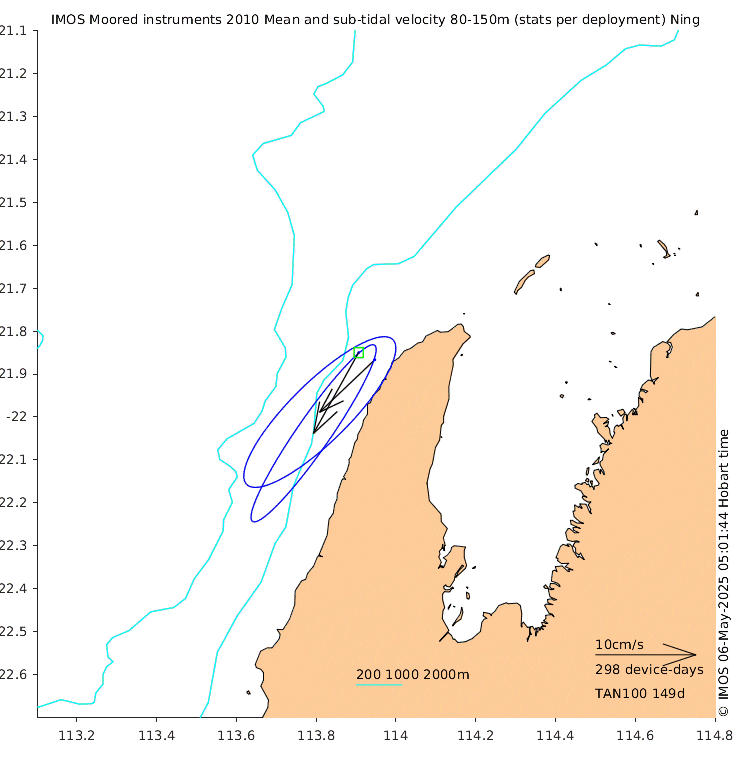 These maps show some basic analyses of the velocity data: mean (all-time in black and seasonal in colour) and sub-tidal variance for several layers and time-windows, and tidal harmonics for the depth-average velocity using the whole record. Click through to see more detailed plots of the selected dataset or to download those data from the AODN thredds server.
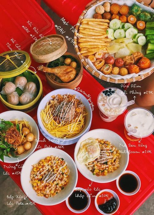 Snack Corner is a favorite hangout for young people to meet up with friends and chat. Located in District 12, it is known for its wide variety of food, cleanliness, and affordable prices. The menu includes many flavors of sweet treats like jelly, yogurt, caramel, fresh juices, lemonade, and smoothies, all prepared by skilled and experienced staff. For savory options, you can try fried spring rolls, crispy fries, spiced chicken, sausages, chicken jerky with lime leaves, cheese sticks, and more – all of which are worth trying when you visit Snack Corner.
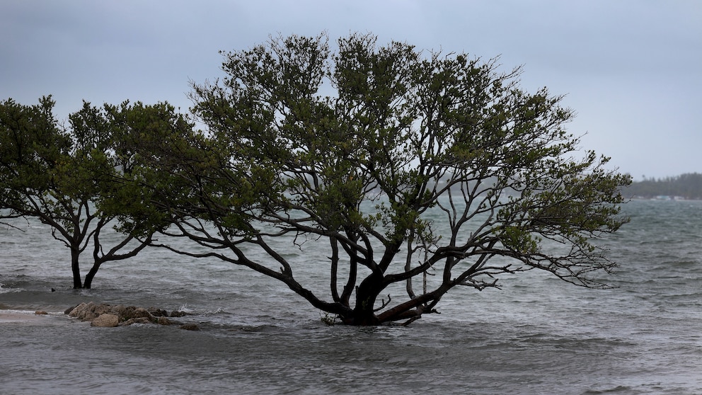 MIAMI, FLORIDA – NOVEMBER 15: Trees are surrounded by the water from Biscayne Bay as seasonal king tides arrive along with a slow moving rain storm on November 15, 2023 in Miami, Florida. A weather system slowly passing through South Florida is leaving Miami-Dade soaked and causing concern for potential flooding. (Photo by Joe Raedle/Getty Images)
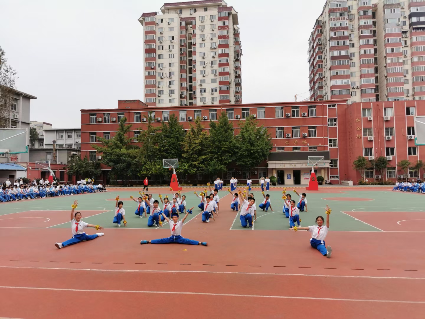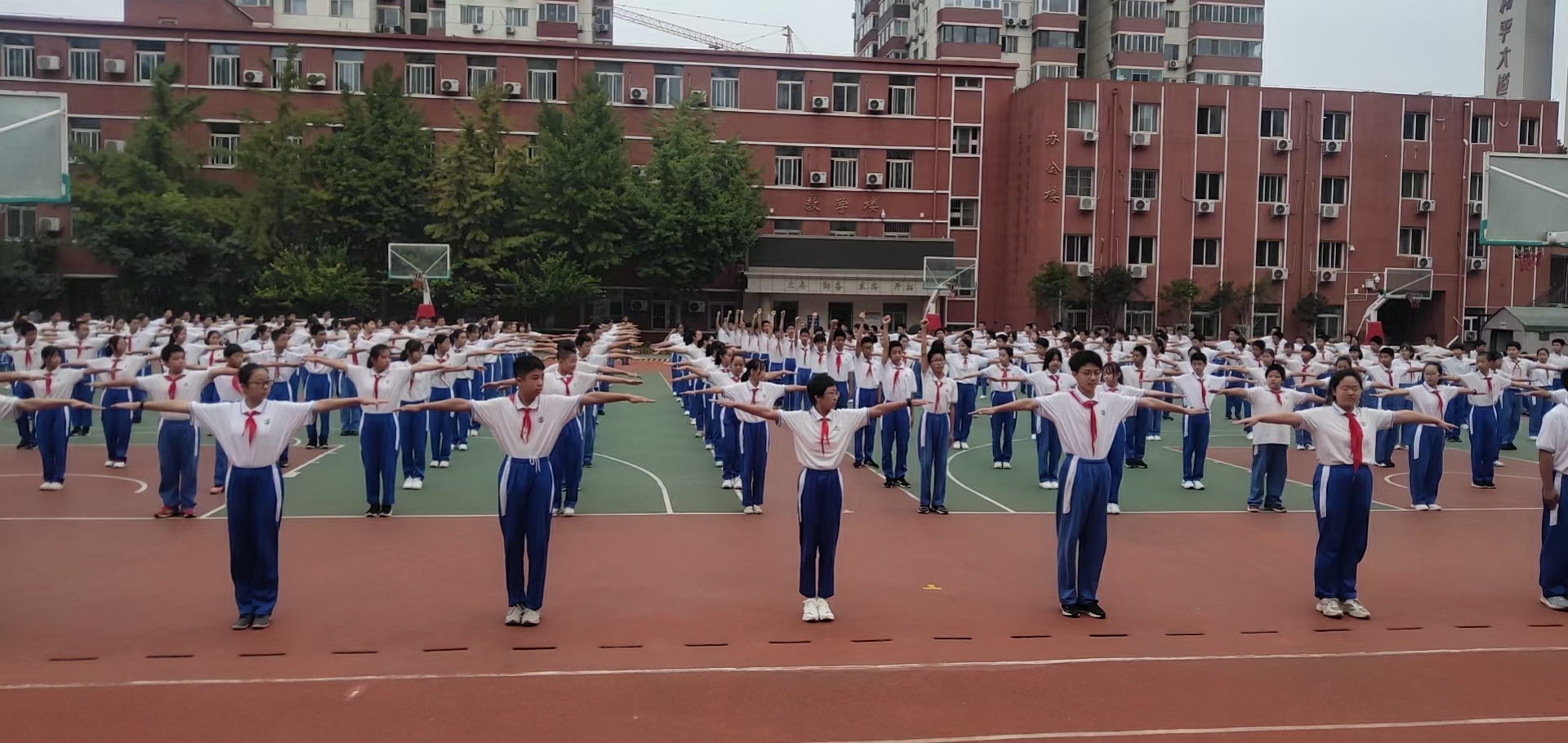 2021年9月30日,淡淡清秋,新学月满,和平街初中校区组织了以“强国有我·强健体魄”为主题的会操比赛,初中三个年级的师生共同参与,由校领导、教师代表、家委会成员组成了评委团。
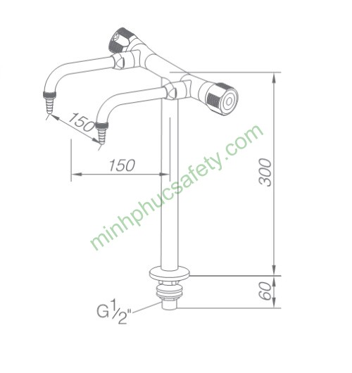 - Khoảng cách giữa 2 đầu vòi: 150mm
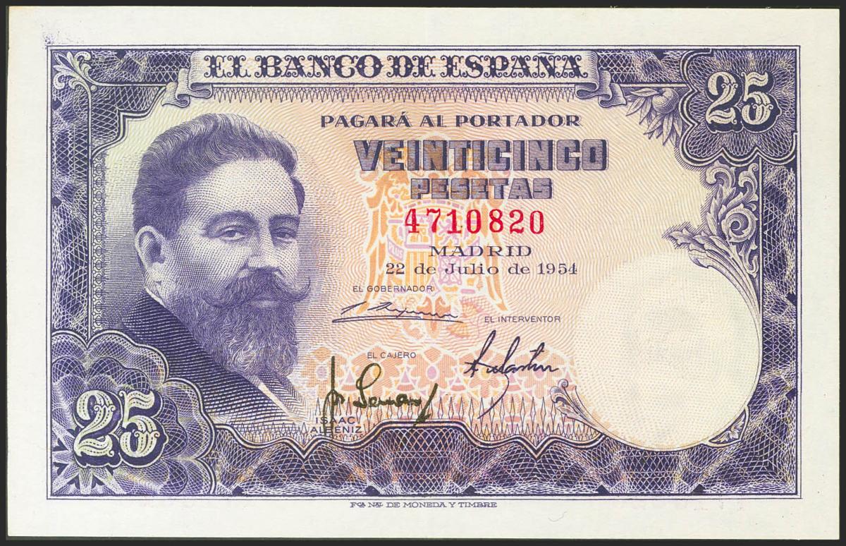 25 Pesetas. 22 de Julio de 1954. Sin serie. (Edifil 2021: 467). Conserva gran parte del apresto original. EBC.
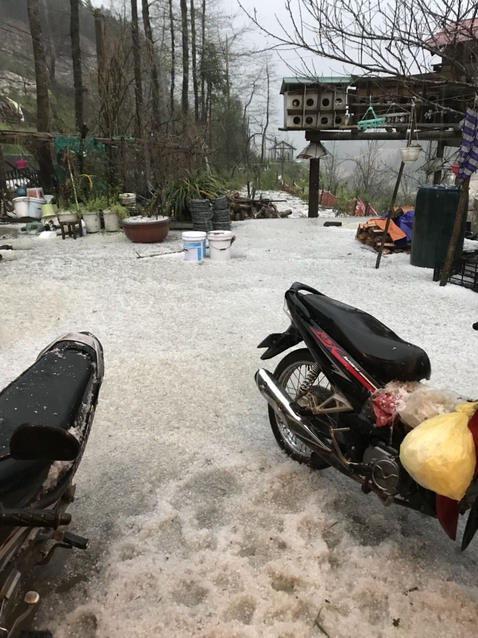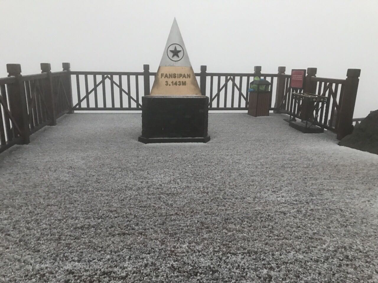 Vào lúc 17h30 chiều 17/2, tại khu vực đỉnh Fansipan, tỉnh Lào Cai bất ngờ xuất hiện mưa băng. Theo đó, nhiệt độ hạ xuống chỉ còn từ 5-7 độ kèm theo cơn mưa băng kéo dài 30 phút đã tạo nên lớp băng dày phủ khắp khung cảnh nên thơ của Fansipan ngày đầu xuân mới.
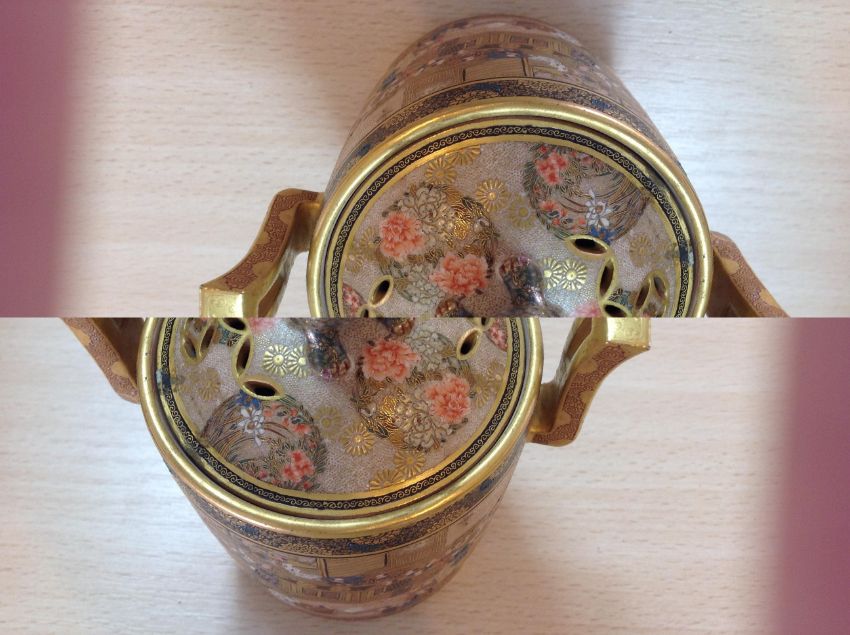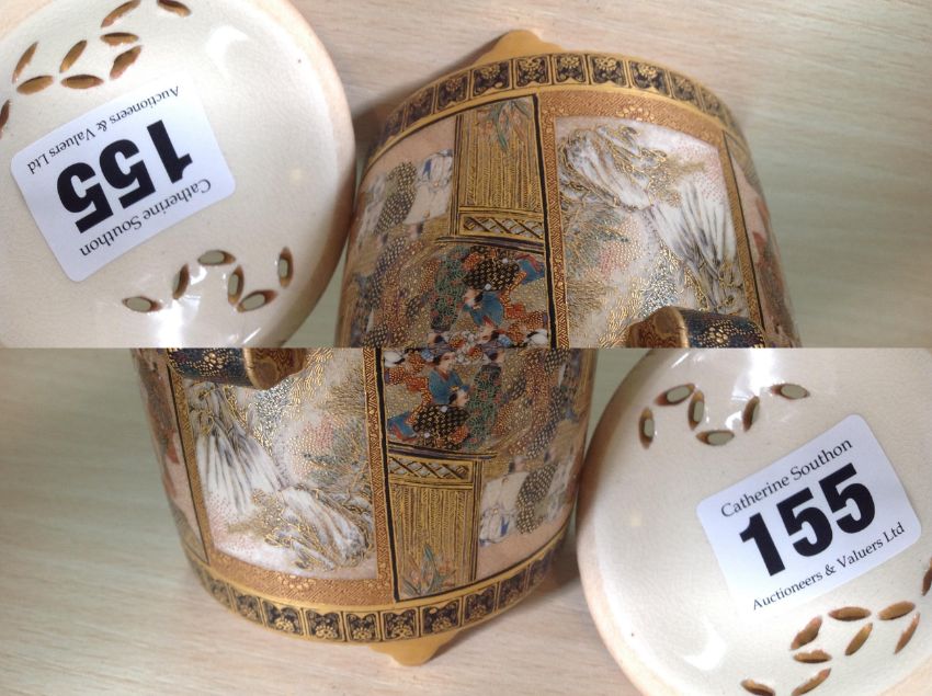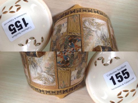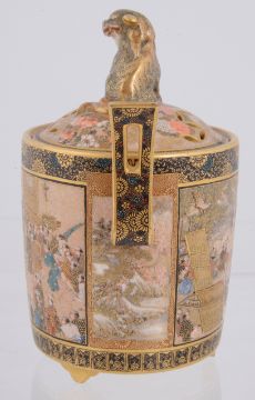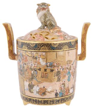 A fine Satsuma twin handled censer and cover by Kinkozan, Meiji period
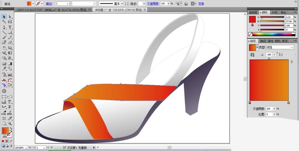 9、设置一个橙色的渐变,我们用橙色的渐变填充凉鞋的前面鞋带路径。
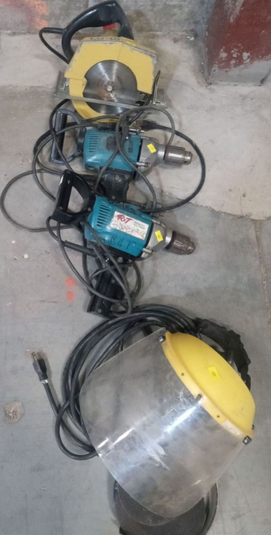 Circular Saw and 2 Makita Dills, Extension Cord, and Face Shield
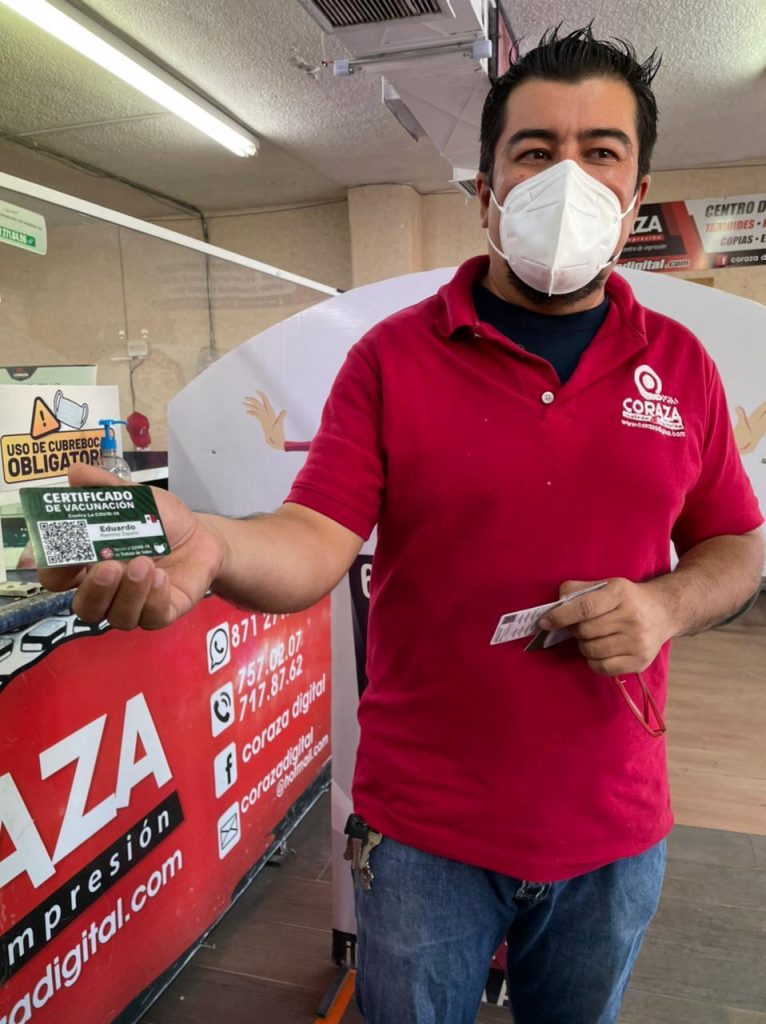 Eduardo Ramírez encargado de una tienda de impresiones en Torreón ante la necesidad que tienen las personas de mostrar y confirmar que ya cuentan con la aplicación de su vacuna y que en algunos lados como el aeropuerto o para cruzar la frontera de México con Estados Unidos es obligatorio presentar su certificado de vacunación, le surgió la idea de realizarlo en forma de credencial, para que las personas puedan traerlo a todos lados.
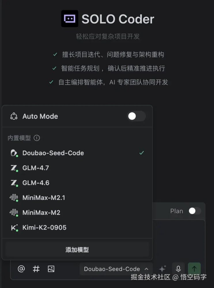 内置模型包括:Doubao-Seed-Code、GLM-4.7、GLM-4.6、MiniMax-M2.1、MiniMax-M2、Kimi-K2-0905。

**What to produce:** The entries above should be given again exactly, minus any pictures.

**Task answer:**
 These maps show some basic analyses of the velocity data: mean (all-time in black and seasonal in colour) and sub-tidal variance for several layers and time-windows, and tidal harmonics for the depth-average velocity using the whole record. Click through to see more detailed plots of the selected dataset or to download those data from the AODN thredds server.
 Snack Corner is a favorite hangout for young people to meet up with friends and chat. Located in District 12, it is known for its wide variety of food, cleanliness, and affordable prices. The menu includes many flavors of sweet treats like jelly, yogurt, caramel, fresh juices, lemonade, and smoothies, all prepared by skilled and experienced staff. For savory options, you can try fried spring rolls, crispy fries, spiced chicken, sausages, chicken jerky with lime leaves, cheese sticks, and more – all of which are worth trying when you visit Snack Corner.
 MIAMI, FLORIDA – NOVEMBER 15: Trees are surrounded by the water from Biscayne Bay as seasonal king tides arrive along with a slow moving rain storm on November 15, 2023 in Miami, Florida. A weather system slowly passing through South Florida is leaving Miami-Dade soaked and causing concern for potential flooding. (Photo by Joe Raedle/Getty Images)
 2021年9月30日,淡淡清秋,新学月满,和平街初中校区组织了以“强国有我·强健体魄”为主题的会操比赛,初中三个年级的师生共同参与,由校领导、教师代表、家委会成员组成了评委团。
 - Khoảng cách giữa 2 đầu vòi: 150mm
 25 Pesetas. 22 de Julio de 1954. Sin serie. (Edifil 2021: 467). Conserva gran parte del apresto original. EBC.
 Vào lúc 17h30 chiều 17/2, tại khu vực đỉnh Fansipan, tỉnh Lào Cai bất ngờ xuất hiện mưa băng. Theo đó, nhiệt độ hạ xuống chỉ còn từ 5-7 độ kèm theo cơn mưa băng kéo dài 30 phút đã tạo nên lớp băng dày phủ khắp khung cảnh nên thơ của Fansipan ngày đầu xuân mới.
 A fine Satsuma twin handled censer and cover by Kinkozan, Meiji period
 9、设置一个橙色的渐变,我们用橙色的渐变填充凉鞋的前面鞋带路径。
 Circular Saw and 2 Makita Dills, Extension Cord, and Face Shield
 Eduardo Ramírez encargado de una tienda de impresiones en Torreón ante la necesidad que tienen las personas de mostrar y confirmar que ya cuentan con la aplicación de su vacuna y que en algunos lados como el aeropuerto o para cruzar la frontera de México con Estados Unidos es obligatorio presentar su certificado de vacunación, le surgió la idea de realizarlo en forma de credencial, para que las personas puedan traerlo a todos lados.
 内置模型包括:Doubao-Seed-Code、GLM-4.7、GLM-4.6、MiniMax-M2.1、MiniMax-M2、Kimi-K2-0905。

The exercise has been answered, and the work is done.